(Beginning of Information supplied)

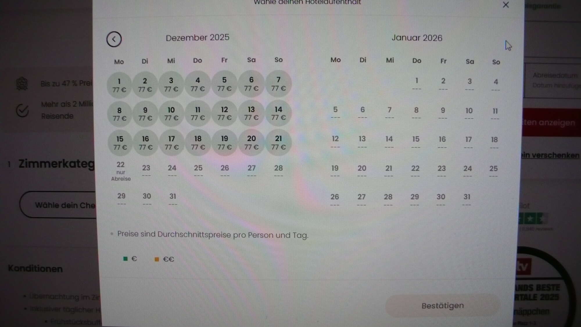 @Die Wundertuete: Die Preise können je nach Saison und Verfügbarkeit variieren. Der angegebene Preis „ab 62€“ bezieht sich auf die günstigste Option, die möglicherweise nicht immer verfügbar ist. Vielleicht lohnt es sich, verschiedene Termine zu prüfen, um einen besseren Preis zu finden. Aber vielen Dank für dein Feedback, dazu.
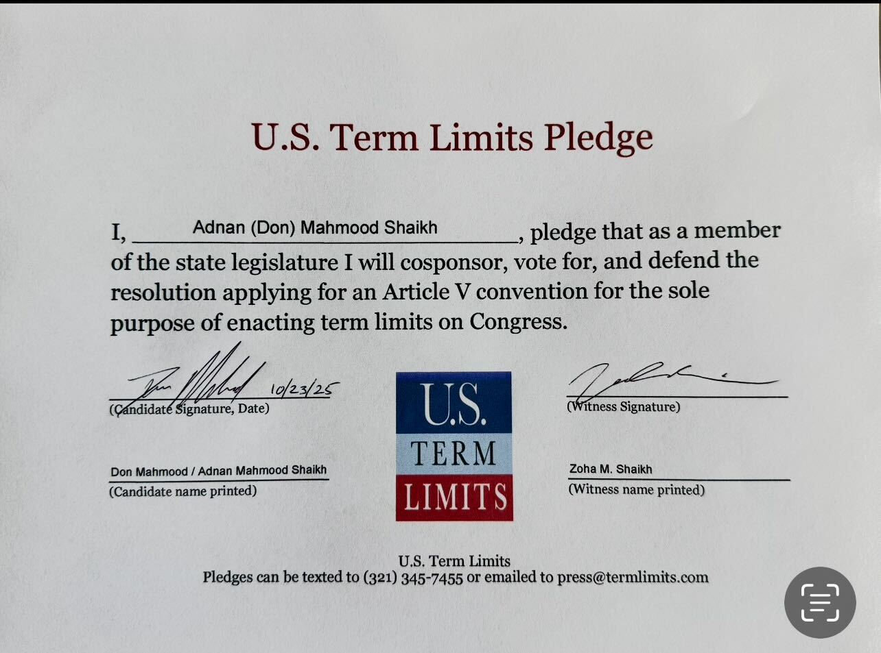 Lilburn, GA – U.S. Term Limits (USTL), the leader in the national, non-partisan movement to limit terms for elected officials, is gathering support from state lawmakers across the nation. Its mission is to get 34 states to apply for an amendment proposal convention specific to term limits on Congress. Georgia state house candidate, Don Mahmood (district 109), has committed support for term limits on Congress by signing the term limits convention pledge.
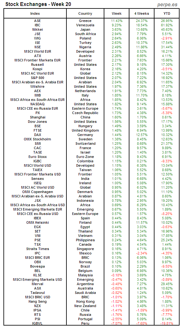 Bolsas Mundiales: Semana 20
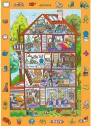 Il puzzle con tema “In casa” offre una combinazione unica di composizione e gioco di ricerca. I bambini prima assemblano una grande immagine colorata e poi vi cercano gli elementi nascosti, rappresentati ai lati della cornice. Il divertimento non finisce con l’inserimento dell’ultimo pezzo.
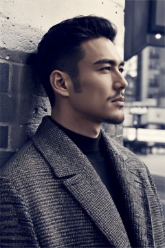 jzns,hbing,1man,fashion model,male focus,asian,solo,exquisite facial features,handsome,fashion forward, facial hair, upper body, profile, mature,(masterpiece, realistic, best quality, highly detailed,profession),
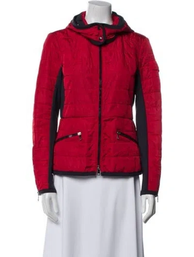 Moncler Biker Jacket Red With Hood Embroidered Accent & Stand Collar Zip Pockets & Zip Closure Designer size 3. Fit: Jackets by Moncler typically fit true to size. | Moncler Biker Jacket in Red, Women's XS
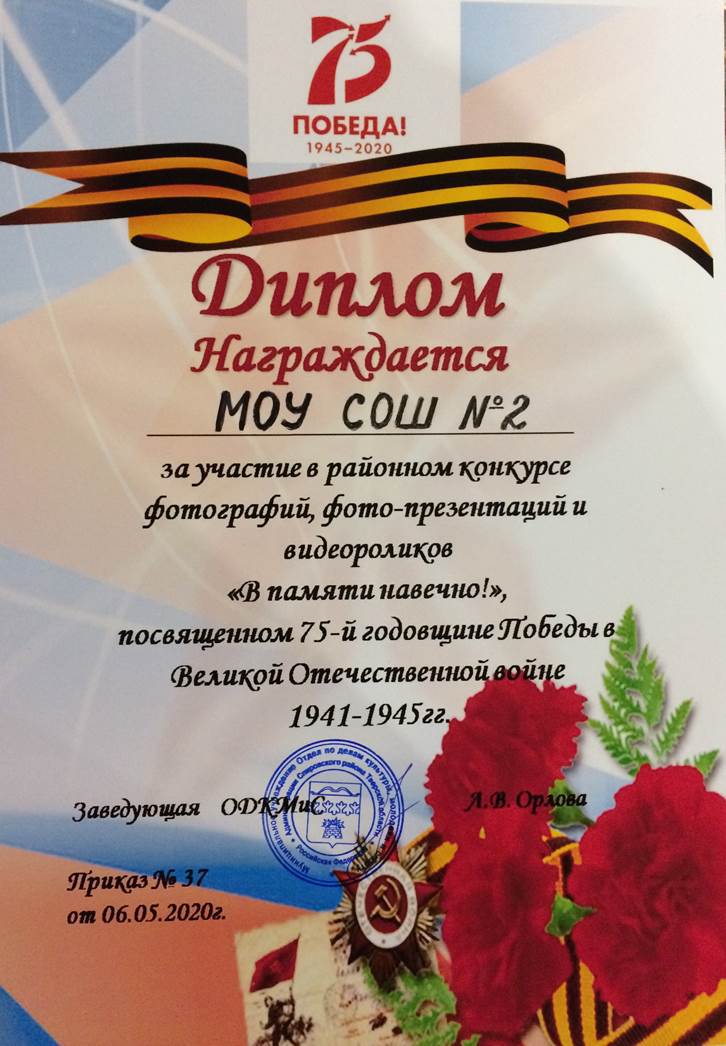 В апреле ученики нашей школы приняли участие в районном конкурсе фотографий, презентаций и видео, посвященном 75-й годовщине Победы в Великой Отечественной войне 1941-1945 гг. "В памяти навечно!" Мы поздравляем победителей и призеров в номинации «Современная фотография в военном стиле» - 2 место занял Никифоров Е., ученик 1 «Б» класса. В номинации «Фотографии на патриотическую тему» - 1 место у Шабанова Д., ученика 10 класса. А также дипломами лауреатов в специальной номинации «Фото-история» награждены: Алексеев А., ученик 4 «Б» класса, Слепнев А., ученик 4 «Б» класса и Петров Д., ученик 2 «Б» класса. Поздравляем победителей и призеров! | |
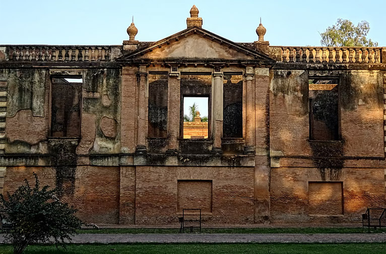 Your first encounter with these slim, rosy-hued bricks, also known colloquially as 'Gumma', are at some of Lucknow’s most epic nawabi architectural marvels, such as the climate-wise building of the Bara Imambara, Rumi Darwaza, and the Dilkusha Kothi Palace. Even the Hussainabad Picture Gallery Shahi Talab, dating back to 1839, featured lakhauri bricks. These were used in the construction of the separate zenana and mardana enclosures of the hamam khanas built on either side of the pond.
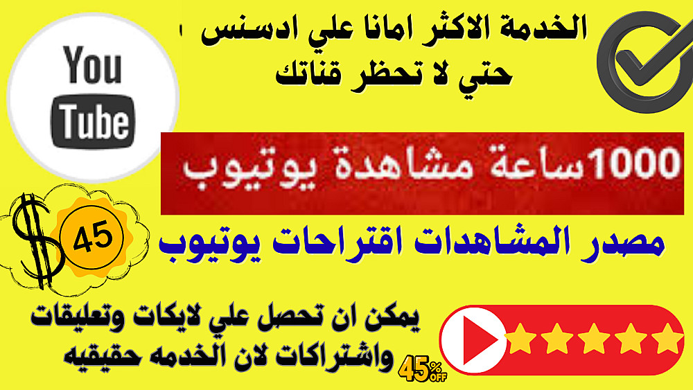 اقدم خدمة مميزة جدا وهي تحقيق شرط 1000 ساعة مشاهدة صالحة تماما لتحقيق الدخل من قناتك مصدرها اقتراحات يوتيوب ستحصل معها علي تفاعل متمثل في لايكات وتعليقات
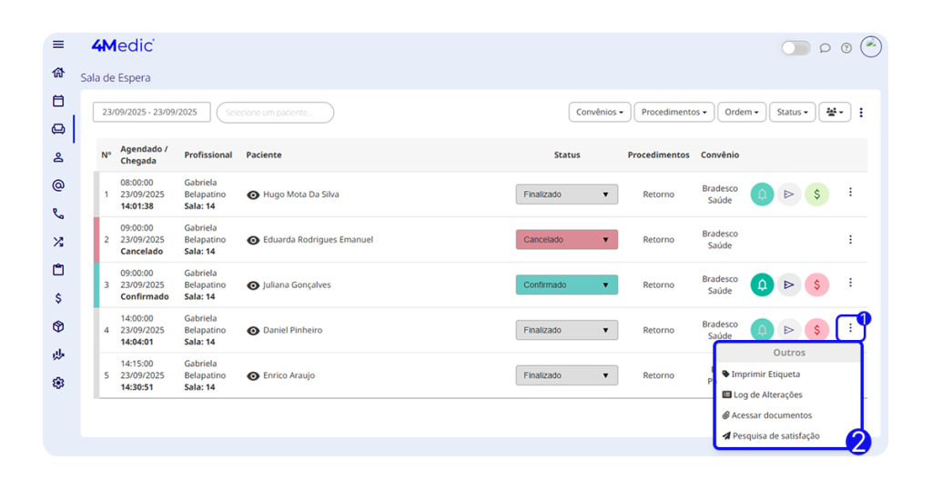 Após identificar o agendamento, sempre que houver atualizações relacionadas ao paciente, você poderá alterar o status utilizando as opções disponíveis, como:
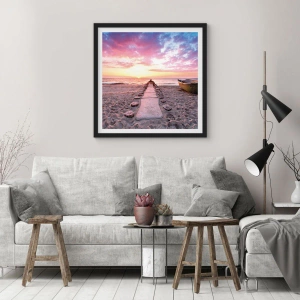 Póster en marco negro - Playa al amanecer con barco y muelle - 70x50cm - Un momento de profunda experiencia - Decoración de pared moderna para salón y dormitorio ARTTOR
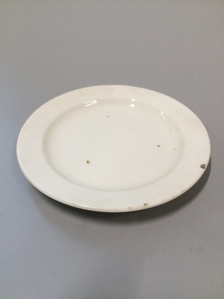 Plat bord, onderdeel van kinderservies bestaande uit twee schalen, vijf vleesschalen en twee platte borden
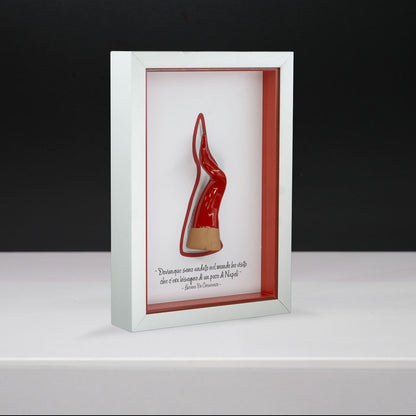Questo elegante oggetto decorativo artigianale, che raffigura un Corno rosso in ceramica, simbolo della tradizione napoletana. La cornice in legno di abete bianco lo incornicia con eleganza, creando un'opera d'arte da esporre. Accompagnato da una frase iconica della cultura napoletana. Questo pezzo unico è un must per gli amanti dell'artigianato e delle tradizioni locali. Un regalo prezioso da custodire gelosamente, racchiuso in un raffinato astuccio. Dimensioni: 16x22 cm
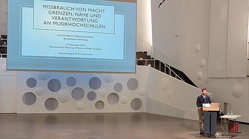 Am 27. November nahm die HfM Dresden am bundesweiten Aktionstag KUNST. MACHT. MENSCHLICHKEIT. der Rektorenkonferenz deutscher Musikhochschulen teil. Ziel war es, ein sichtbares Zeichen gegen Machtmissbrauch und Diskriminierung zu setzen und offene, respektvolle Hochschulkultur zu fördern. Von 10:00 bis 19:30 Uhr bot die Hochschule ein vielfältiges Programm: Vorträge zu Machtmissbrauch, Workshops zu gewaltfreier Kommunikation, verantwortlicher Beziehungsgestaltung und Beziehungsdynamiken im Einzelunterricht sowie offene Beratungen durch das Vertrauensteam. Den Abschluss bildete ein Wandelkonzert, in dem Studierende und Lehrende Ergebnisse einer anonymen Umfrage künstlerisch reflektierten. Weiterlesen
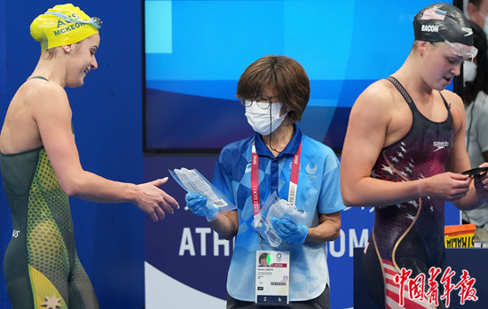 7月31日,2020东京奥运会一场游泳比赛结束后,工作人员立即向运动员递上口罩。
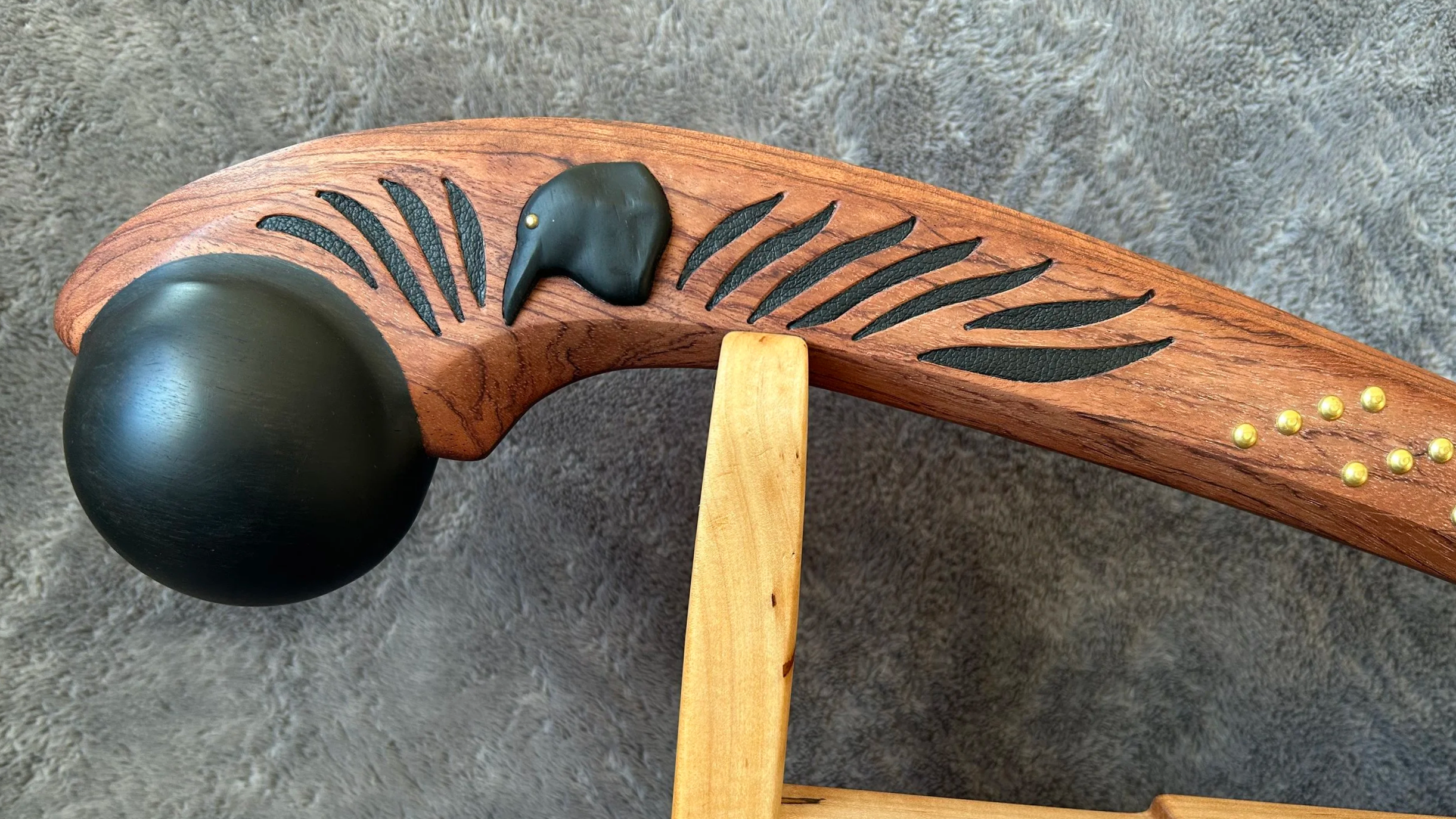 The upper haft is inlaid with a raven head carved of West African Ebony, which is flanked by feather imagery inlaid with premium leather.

(End of Information supplied)

Problem statement: An exact copy is needed. It runs from the line above containing "Lilburn, GA –" down to the line containing "Your first encounter", both included, with no pictures.

Answer space:
 Lilburn, GA – U.S. Term Limits (USTL), the leader in the national, non-partisan movement to limit terms for elected officials, is gathering support from state lawmakers across the nation. Its mission is to get 34 states to apply for an amendment proposal convention specific to term limits on Congress. Georgia state house candidate, Don Mahmood (district 109), has committed support for term limits on Congress by signing the term limits convention pledge.
 Bolsas Mundiales: Semana 20
 Il puzzle con tema “In casa” offre una combinazione unica di composizione e gioco di ricerca. I bambini prima assemblano una grande immagine colorata e poi vi cercano gli elementi nascosti, rappresentati ai lati della cornice. Il divertimento non finisce con l’inserimento dell’ultimo pezzo.
 jzns,hbing,1man,fashion model,male focus,asian,solo,exquisite facial features,handsome,fashion forward, facial hair, upper body, profile, mature,(masterpiece, realistic, best quality, highly detailed,profession),
 Moncler Biker Jacket Red With Hood Embroidered Accent & Stand Collar Zip Pockets & Zip Closure Designer size 3. Fit: Jackets by Moncler typically fit true to size. | Moncler Biker Jacket in Red, Women's XS
 В апреле ученики нашей школы приняли участие в районном конкурсе фотографий, презентаций и видео, посвященном 75-й годовщине Победы в Великой Отечественной войне 1941-1945 гг. "В памяти навечно!" Мы поздравляем победителей и призеров в номинации «Современная фотография в военном стиле» - 2 место занял Никифоров Е., ученик 1 «Б» класса. В номинации «Фотографии на патриотическую тему» - 1 место у Шабанова Д., ученика 10 класса. А также дипломами лауреатов в специальной номинации «Фото-история» награждены: Алексеев А., ученик 4 «Б» класса, Слепнев А., ученик 4 «Б» класса и Петров Д., ученик 2 «Б» класса. Поздравляем победителей и призеров! | |
 Your first encounter with these slim, rosy-hued bricks, also known colloquially as 'Gumma', are at some of Lucknow’s most epic nawabi architectural marvels, such as the climate-wise building of the Bara Imambara, Rumi Darwaza, and the Dilkusha Kothi Palace. Even the Hussainabad Picture Gallery Shahi Talab, dating back to 1839, featured lakhauri bricks. These were used in the construction of the separate zenana and mardana enclosures of the hamam khanas built on either side of the pond.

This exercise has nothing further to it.